Мой мозг, должно быть, ощущал комфорт, когда у меня случались спайки, что в мой первый год послал мне маленький подарок: новый вид разрушающего спайка. Я сидел в классе и обратил внимание на то, что мой язык трется прямо напротив верхних зубов. Это немного отличалось от моих остальных спайков. Они не были спайком «скажи себе, что я не мог что-то делать и не могу», но производили одинаково разрушительные эффекты. Я не мог отвлечься от моего языка, который терся напротив зубов. Это было даже более разрушительно, потому что не имело значение, насколько я пьян, я всегда мог чувствовать свой язык, трущийся напротив зубов. Я стал более депрессивным, чем когда-либо. Каждый раз, когда я хотел побыть непосредственно самим собою, мой мозг нападал на меня другим, более мощным способом. Я стал пить больше, время от времени находясь на грани отравления алкоголем, начал курить, стал более одиноким. Впервые в жизни я был готов уйти: уйти из жизни. Я начал размышлять о самоубийстве и о том, как это сделать. Только по одной причине я не сделал этого: я был очень близок с родителями и знал, что бы это сделало с ними. Моей жизнью было 24 часа страха в день. Впервые я подумал о том, чтобы рассказать родителям о своих мыслях, но я не сделал этого, потому что подумал о том, что они начнут стыдиться меня или винить себя. Я корпел над собой, и над тем, что мне нужно, чтобы выживать каждый день. Я даже начал исследование нескольких вещей. Я изучал свои верхние зубы, чтобы объяснить свой самый последний спайк. Я пытался понять, останутся ли со мной спайки в случае амнезии. Я хотел стереть все из моего мозга и забыть, что я мог с собой сделать. Но такого не получилось. Я помню, я съезжал с дороги, в надежде что кто-нибудь столкнется со мной; не убьет меня, только достаточно повредит, чтобы у меня была амнезия. Это были самые черные дни, какие у меня только были.
Мои последние два года в колледже не были хорошими. Отходя от моих новых спайков, выпивка начала вовлекать меня. После повторных препирательств с братьями из моего братства, они исключили меня. Все препирательства случались, когда я был пьян. Так или иначе, я был способен продолжать получать выдающиеся оценки и раньше закончить половину семестра. 2 ночи до этого я шел домой, напивался и в сотый раз ездил. На сей раз я бросил два очка. Меня арестовали за вождение в нетрезвом состоянии. Когда меня вытащили из тюрьмы и отправили домой, я понял, что это нарушение стоило мне стипендии. Материально это не имело значения. Я бы так или иначе учился. Как вы знаете, я был очень горд этой стипендией, сейчас же мне запрещалась любая деятельность, связанная с этой программой в будущем. Я знал, что мне грозит катастрофа, и, наконец, это случилось. Но казалось что пьянство это единственный выход, который прогонит мои спайки. Я не думал, что я алкоголик, хотя мог понять, почему так считают другие. Я выпивал только тогда, когда мне нужно было выступить публично, и я не мог справиться с моими спайками сам. В остальное время я не пил. Цель у моего пьянства была одна: раздавить мысли. Но это тема для другого разговора.
Когда я вернулся домой, мое резюме все еще говорило о том, что я Стипендиат Рейгана с идеальным средним академическим баллом. Это давало надежду.

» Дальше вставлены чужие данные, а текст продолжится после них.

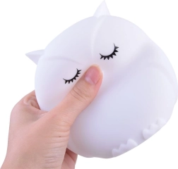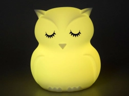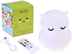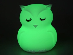 Šī bērnu naktslampiņa pūce no maiga un droša silikona maigi apgaismos tumsu un palīdzēs aizdzīt nakts bailīšus. Tā piedāvā 9 krāsas, tostarp baltu, sarkanu, dzeltenu, rozā, zaļu, zilu, oranžu, tumši zilu un violetu. Krāsas var pārslēgt ar pieskārienu uz pašas lampiņas vai ērti ar tālvadības pulti.
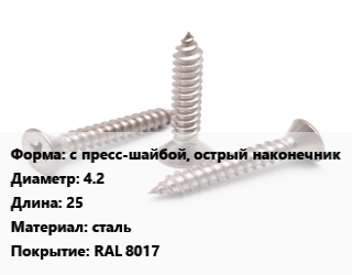 Саморез с пресс-шайбой, острый наконечник D=4.2 L=25 сталь RAL 8017, упаковка 1000 шт цена от 404.54 ₽ / кг, где купить, условия доставки в Казани и Казанской области
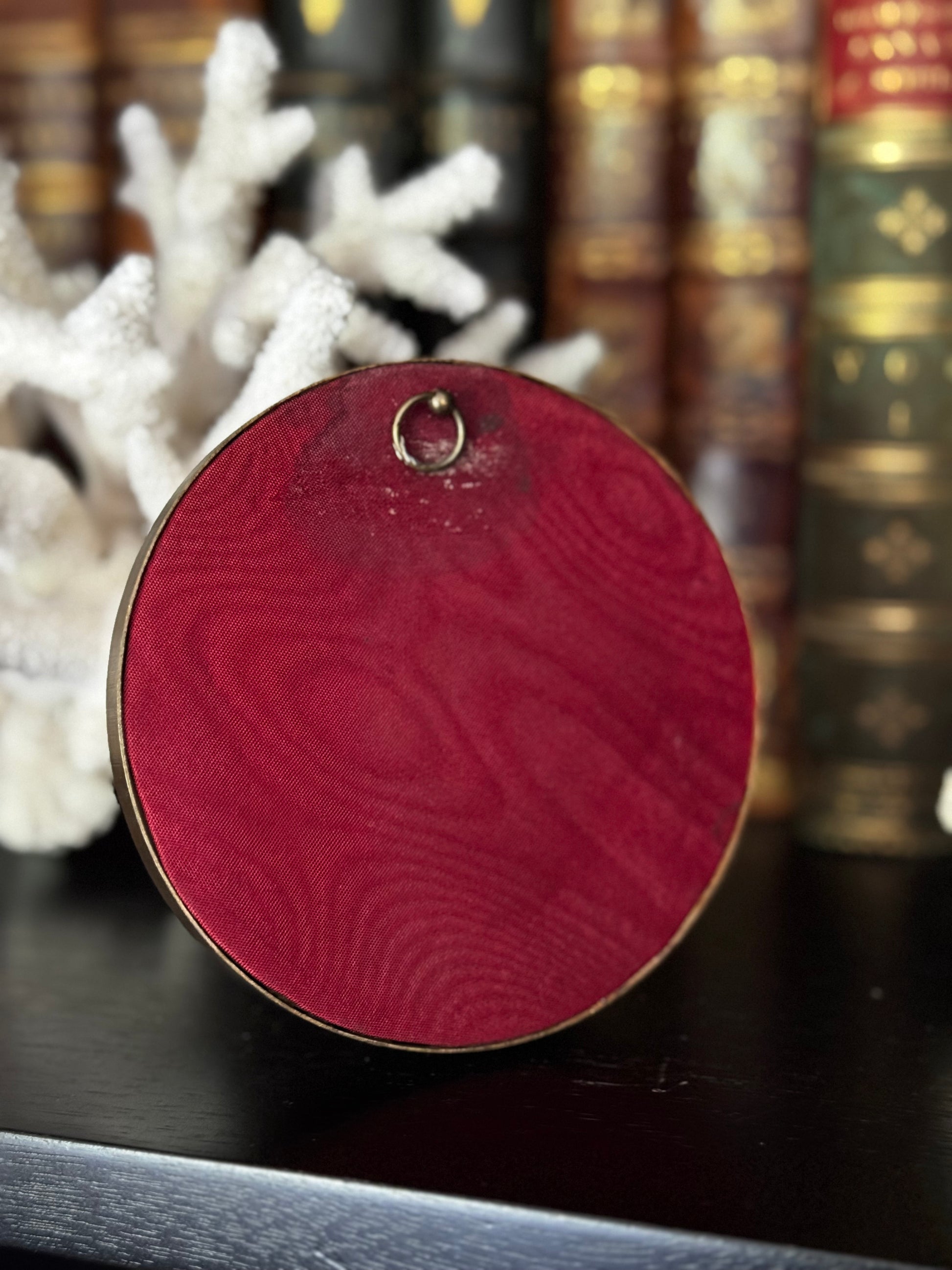 French miniature oil painting on ivory depicting a chateau. Mounting in a round frame with velvet detailing. Some wear to frame consistent with age. 4.5"
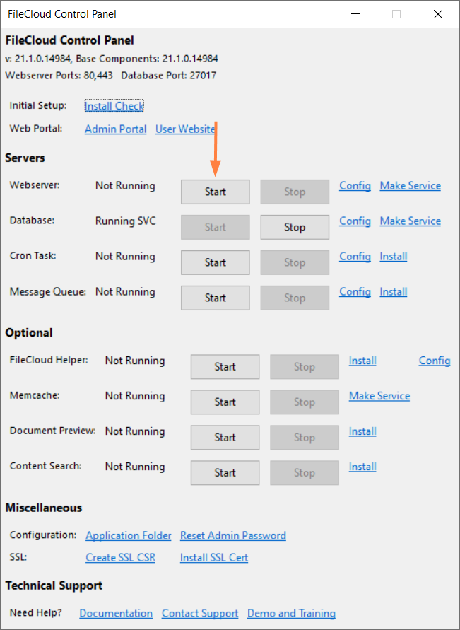 Open the FileCloud Control Panel and confirm that each service you are using is running, and that your storage is in the READY state.
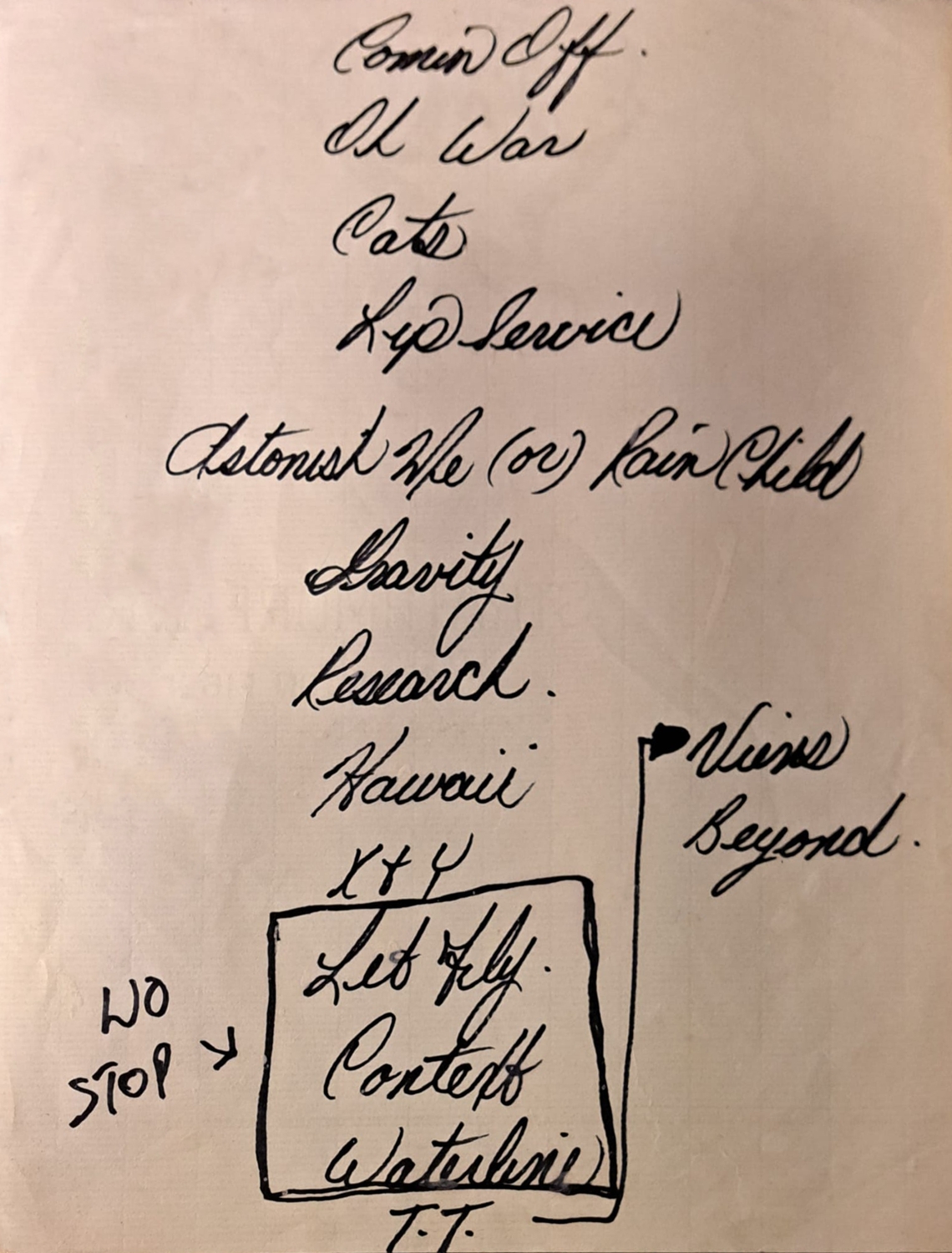 Kim's setlist from this gig (in his handwriting), from the collection of Jackie Lynn:
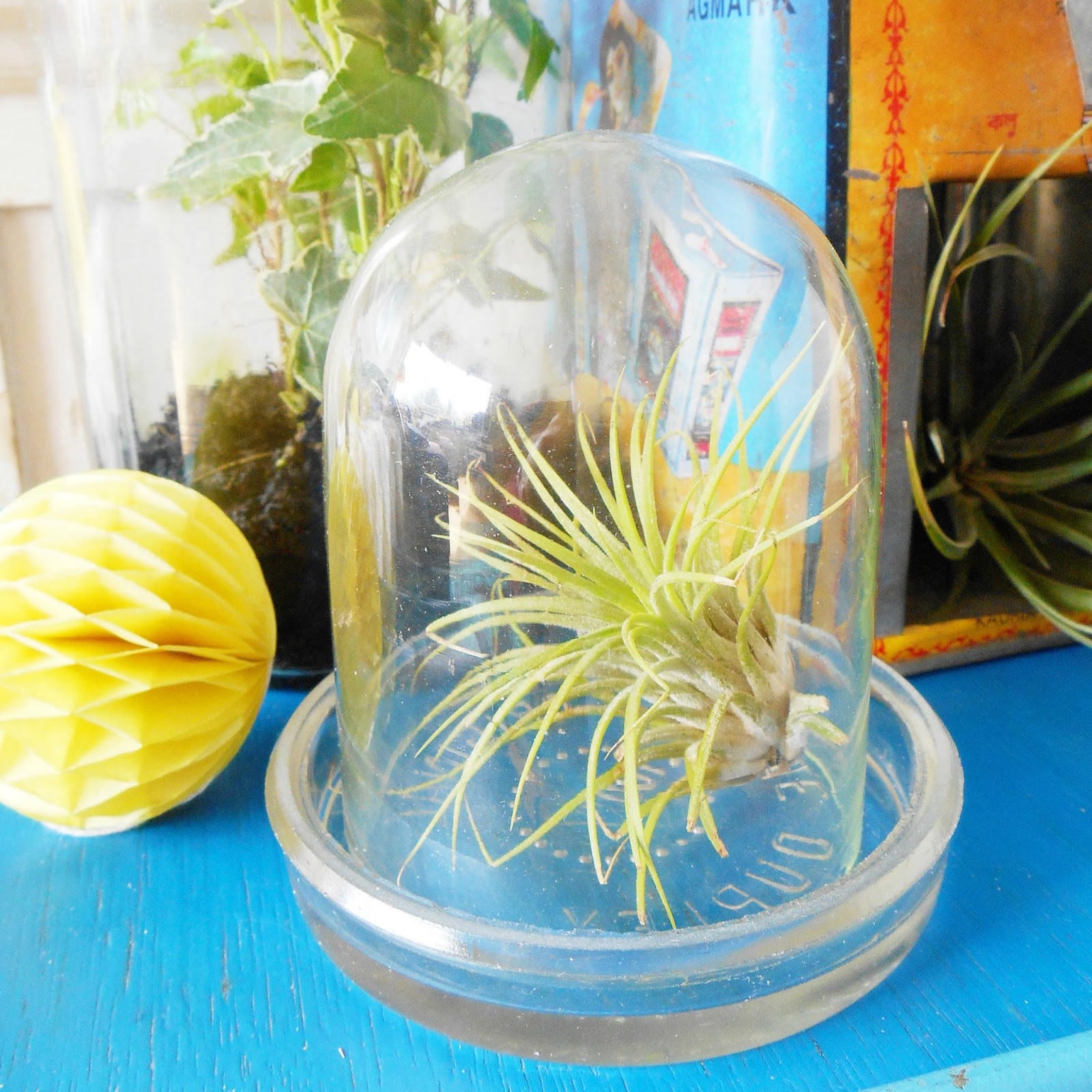 Spring is finally here! Time to bring spring into my home and I do so with glass combined with plants. I love the transparency of glass together with plants. Especially when the sunlight shines through it. I have given my air plants a new home for the next few weeks. These plants are easy to care for and fit in anywhere. I used different glasses like a shot glass, a glass bell and a jam jar. I have put the bunch on a vintage trolley that I bought a few years ago at a flea market.
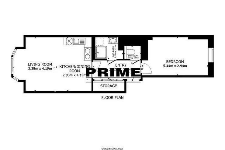 The property comprises: an entrance hallway, a living room with a bay window and an open, fully fitted kitchen with appliances (electric cooking hobs, oven, dishwasher, refrigerator and a microwave oven), a bedroom, a bathroom (with a shower cubicle and a sink), a small storage room and a separate toilet.

Под стипендиатами Рейгана предполагалось юристы, политики и другие уважаемые профессионалы. Это пугало меня до такой степени, что выбило всю дурь из головы. Но тем временем, мои спайки разделились на, как я назвал это, Большую 3: чтения, веселья и зубной спайк. Любой из них мог сделать меня непригодным. Я снова жил дома и после штрафа за управление автомобилем в состоянии опьянения и не мог больше заливать алкоголем свои мысли. Я все еще пытался управлять собой с помощью утверждений «если у меня спайк чтения, тогда я могу быть веселым и т.д.», но это создало новую проблему. Мое резюме дало возможность пройти практику в ведущей бухгалтерской фирме в Луисвилле. Я надеялся произвести впечатление, сдать экзамен, чтобы стать квалифицированным бухгалтером и таким образом получить постоянную должность в фирме. Но если я не мог понять, что я читаю, то я не мог восполнить это, устанавливая свои порядки. Я был испуган. До этого в колледже я мог сам устанавливать свое расписание: когда я учился, когда общался и т.д., но сейчас мне нужно было суметь понять довольно сложный материал и чужой распорядок. И снова то, что в резюме было написано о стипендии Рейгана, мне не помогло. Я просил их о разрешении поработать в одиночестве. Я использовал офисы во время их отпуска. Это немного помогло, но не отвлекло меня, я знал, что все еще обречен. Посередине стажировки меня проинформировали, что мне не предложат постоянной должности. Сюрприз, сюрприз! Я знал наверняка, что после первого года работы я стану таким же, как и они, и они захотят сделать меня партнером. Это действительно смешно: после того, как они сказали мне об этом, я, наконец, смог расслабиться и начал работать лучше, чем остальные стажеры. Они говорили так: «Очень жаль, что вы не могли работать так раньше». Если бы они знали. Однажды я заметил, что когда я ни о чем не беспокоюсь, спайки перестают действовать. Когда я говорил себе, что не могу читать, но не волновался, я мог читать. Все еще подсознательно, но я начинал понимать эту систему. В это время я не мог найти смысл и просто смущался себя. Конечно, мои родители и друзья говорили мне, что это не моя вина. Я подыгрывал им таким образом, что они не были разочарованы.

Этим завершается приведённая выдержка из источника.